Frontiers in Pharmacology ◽

10.3389/fphar.2020.599416 ◽

2020 ◽

Vol 11 ◽

Author(s):

Hao Wang ◽

Weiwei Xia ◽

Guangfeng Long ◽

Zhiyin Pei ◽

Yuanyuan Li ◽

...

Keyword(s):

Oxidative Stress ◽

Renal Function ◽

Cell Injury ◽

Kidney Diseases ◽

Kidney Injury ◽

Epithelial Cell Line ◽

Therapeutic Uses ◽

And Oxidative Stress

Cisplatin is extensively used and is highly effective in clinical oncology; nevertheless, nephrotoxicity has severely limited its widespread utility. Isoquercitrin (IQC), a natural flavonoid widely found in herbage, is well known and recognized for its antioxidant, anti-inflammatory, and anti-apoptotic properties.
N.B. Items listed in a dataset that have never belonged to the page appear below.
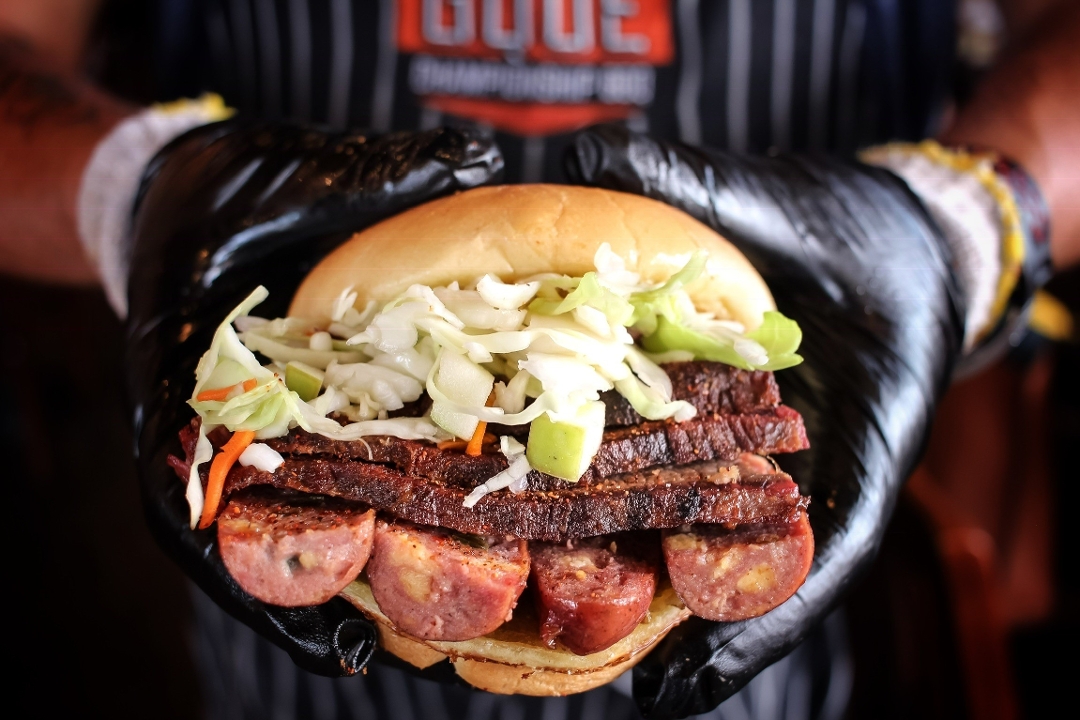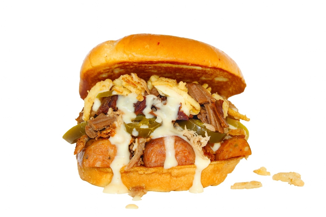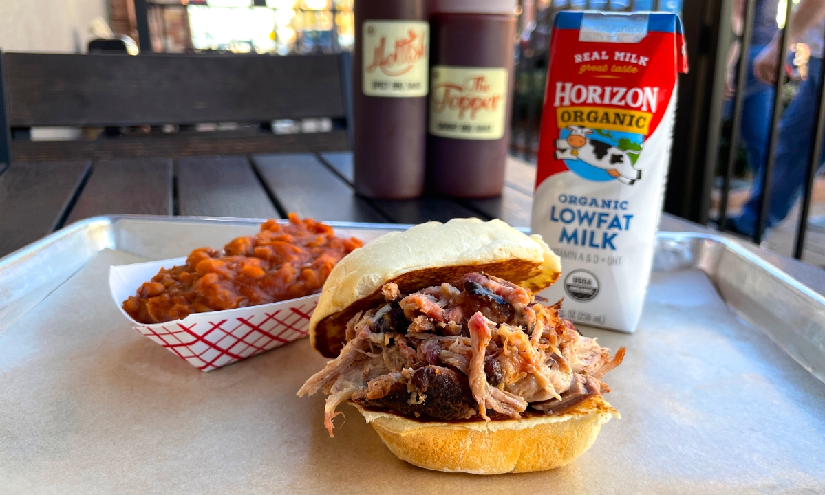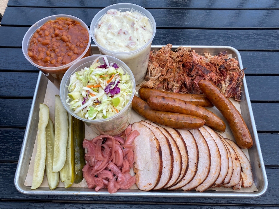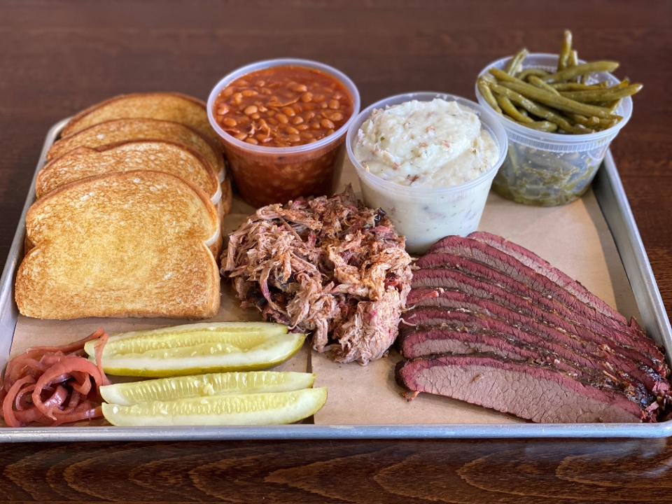 Serves a family of 4-5. Includes: 1 1/2lbs. of meat (12oz. of each of the 2 meats) with 3 Pints of sides. Toast, Pickles and Onions are optional.
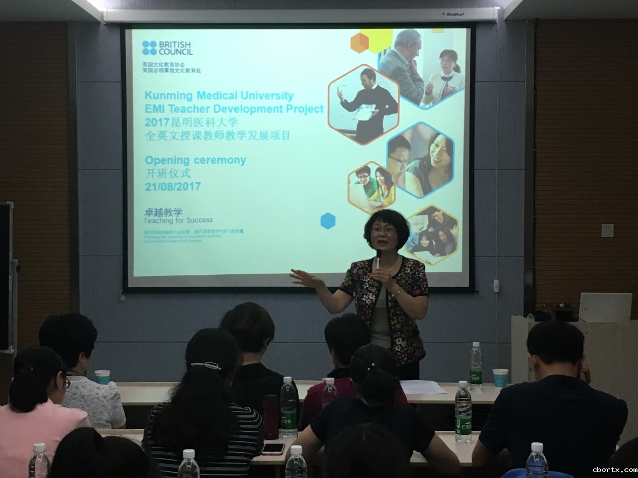 8月21日上午,2017年中英合作-18luck备用登录EMI全英文授课教师教学发展项目开班仪式在学校第二附属医院举行,学校副校长李燕及相关部门负责人、英国总领馆文化教育处高级经理黎瑞、培训师Susan Hillyard女士及28位参训教师等参加了开班仪式。
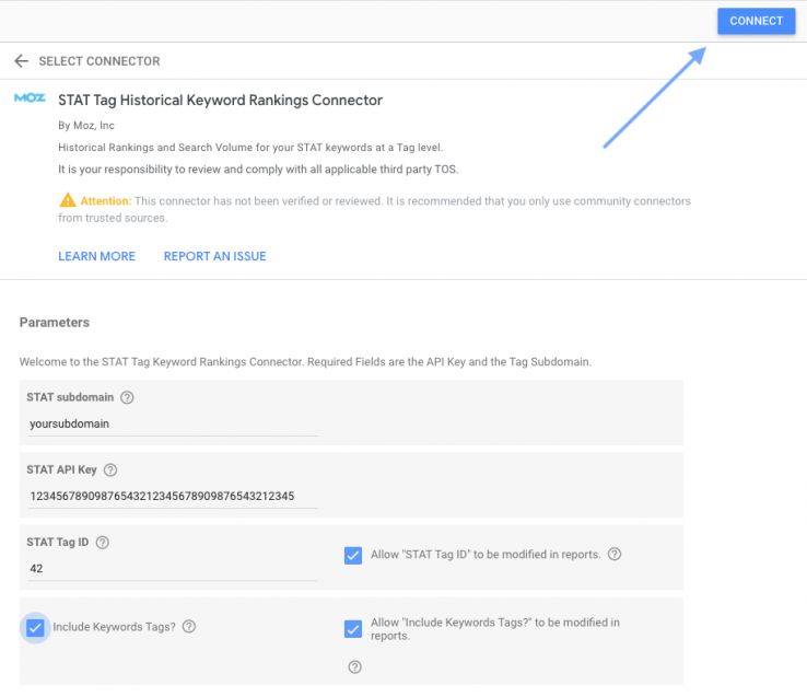 Thanks to the helpful feedback of many, many STAT customers, we’ve been hard at work building six Google Data Studio Community Connectors to help pull STAT data into Data Studio. Fortified by beta testing and your thoughtful input, we're excited to launch the six connectors today: Historical Keyword Rankings (site and tag level), Share of Voice (site and tag level), and Ranking Distributions (site and tag level).
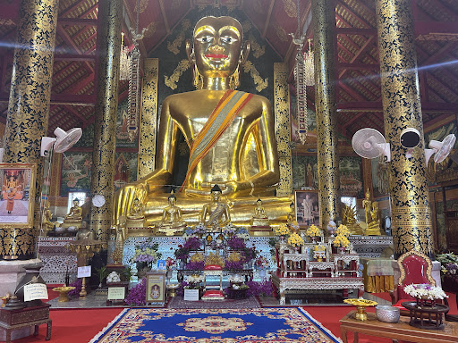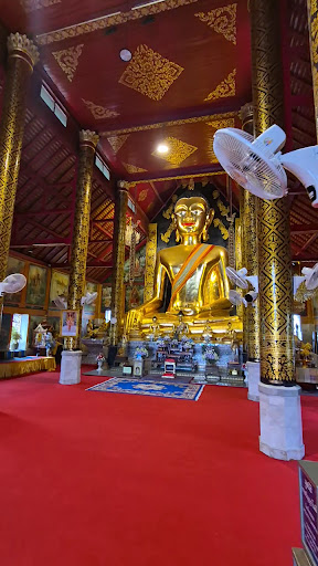 The temple, built in 1844 and completed in 1944, boasts classic Lanna architecture with striking red and gold hues. The main hall houses a massive golden Buddha statue with a warm, welcoming expression, surrounded by colorful murals depicting Buddhist stories. We were captivated by the intricate floral decorations on the veranda and the astrological fresco on the ceiling, adding a unique charm. The white chedi with seven golden arrows (Jed Yod means “seven peaks”) behind the main building is a standout feature, reminiscent of the Mahabodhi Temple in India. The grounds are well-maintained, with statues of nagas and a tiger adding to the cultural allure. While not as flashy as other temples, Wat Jed Yod’s simplicity and authenticity make it special. It’s free to enter, though we left a small donation. I recommend visiting early and pairing it with a stroll to nearby Mama French Bakery for pastries. A must-see for a quiet, cultural stop...
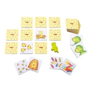 Wer kann dem Zahlendino beim Zählen helfen? Bei dem dinostarken Zahlen- und Memospiel von Haba können bis zu vier Kinder spielerisch den Zahlenraum von 1 bis 10 entdecken. ab 3 Jahren 1-4 Spieler Zahlendino aus Holz, 25 Memo-Plättchen aus Pappe und 1 Spielanleitung Bei dem spannenden Lernspiel muss zu jeder Karte mit einer Ziffer eine Karte mit der passenden Menge gefunden werden. So lernen bis zu vier Kids im Alter von drei bis acht Jahren nicht nur das Lesen der Zahlen, sondern auch das Erkennen von Mengen. Die Bilder auf den Karten helfen dabei: Die abgebildeten Symbole auf den jeweiligen Karten gehören immer zusammen. Und das Beste: Wer den lustigen Zahlendino am Schluss hat, der gewinnt das Spiel. Im Lieferumfang sind der Zahlendino, 25 Memo-Plättchen und die Spielanleitung enthalten. Praktisch: Es ist eine Spielvariante für ein Kind enthalten.
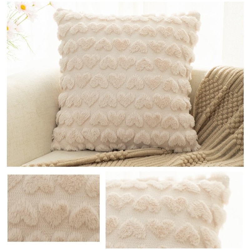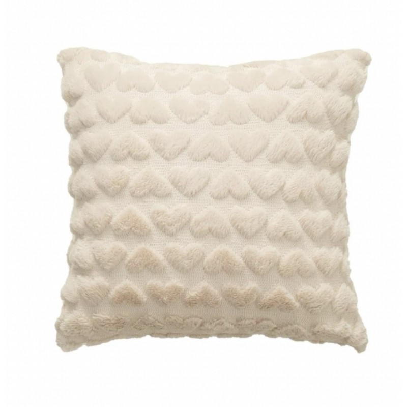 Poszewka na poduszkę 45 x 45 cm tekstura puchata SERCA Beż POD149
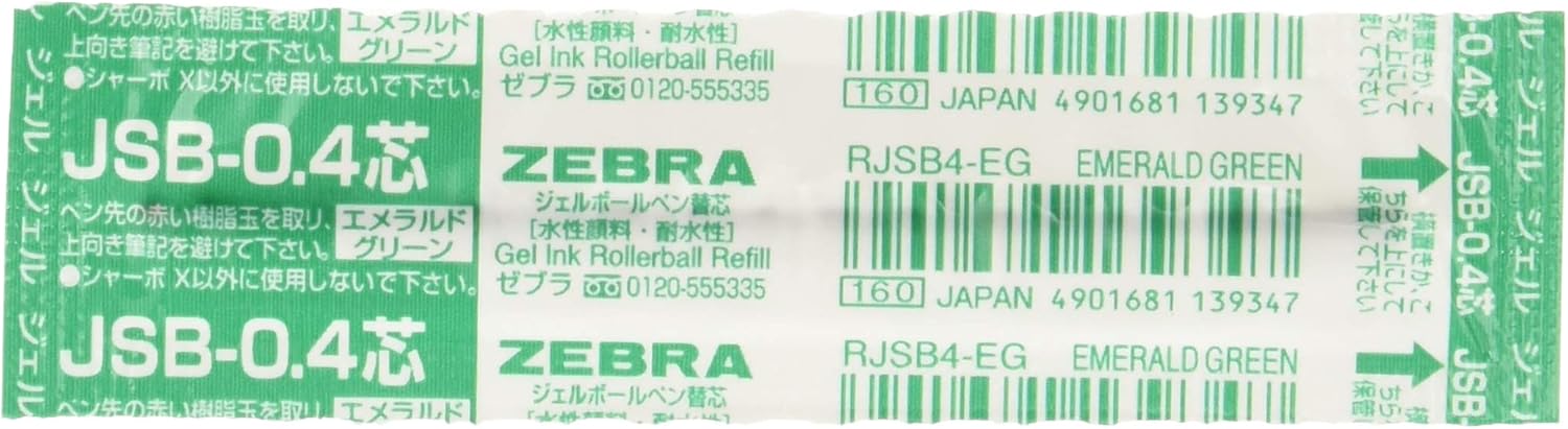 ZEBRA BRJSB4EG Gel Ballpoint Pen Refill, Sherbo JSB-0.4 Lead, Emerald Green, 10 Pens
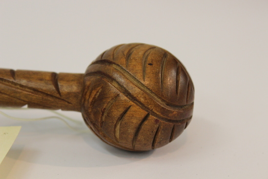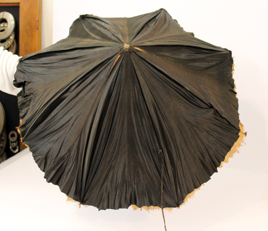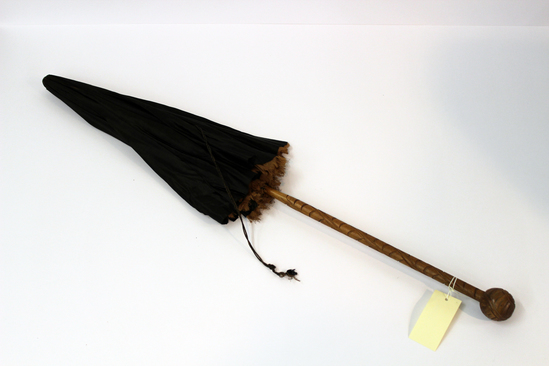 Parasol; brown silk lining with pinked scalloped edges and black silk overlay with cut scalloped edge; carved wooden stick with knob at base of handle; black cording to wrap around parasol to hold closed

However, the potential effects and mechanism of IQC in cisplatin-induced acute kidney diseases remain unknown. In this study, we postulated the potential effects and mechanism of IQC upon cisplatin exposure in vivo and in vitro. For the in vivo study, C57BL/6J mice were pretreated with IQC or saline (50 mg/kg/day) by gavage for 3 days before cisplatin single injection (25 mg/kg). Renal function, apoptosis, inflammation, oxidative stress and p-ERK were measured to evaluate kidney injury. In vitro, mouse proximal tubular cells (mPTCs) and human proximal tubule epithelial cell line (HK2) were pretreated with or without IQC (80 μM for mPTCs and 120 μM for HK2) for 2 h and then co-administrated with cisplatin for another 24 h. Apoptosis, inflammation, ROS and p-ERK of cells were also measured. In vivo, IQC administration strikingly reduced cisplatin-induced nephrotoxicity as evidenced by the improvement in renal function (serum creatinine and blood urea nitrogen), kidney histology (PAS staining), apoptotic molecules (cleaved caspase-3, caspase-8, Bax and Bcl-2), inﬂammatory cytokines (IL-1β, IL-6, TNF-α, and COX-2), oxidative stress (MDA and total glutathione) and p-ERK. In line with in vivo findings, IQC markedly protected against cisplatin-induced cell injury in mPTCs and HK2 cells. Collectively, these findings demonstrated that IQC administration could significantly protect against cisplatin nephrotoxicity possibly through ameliorating apoptosis, inflammation and oxidative stress accompanied by cross talk with p-ERK. Furthermore, IQC may have potential therapeutic uses in the treatment of cisplatin-induced acute kidney injury.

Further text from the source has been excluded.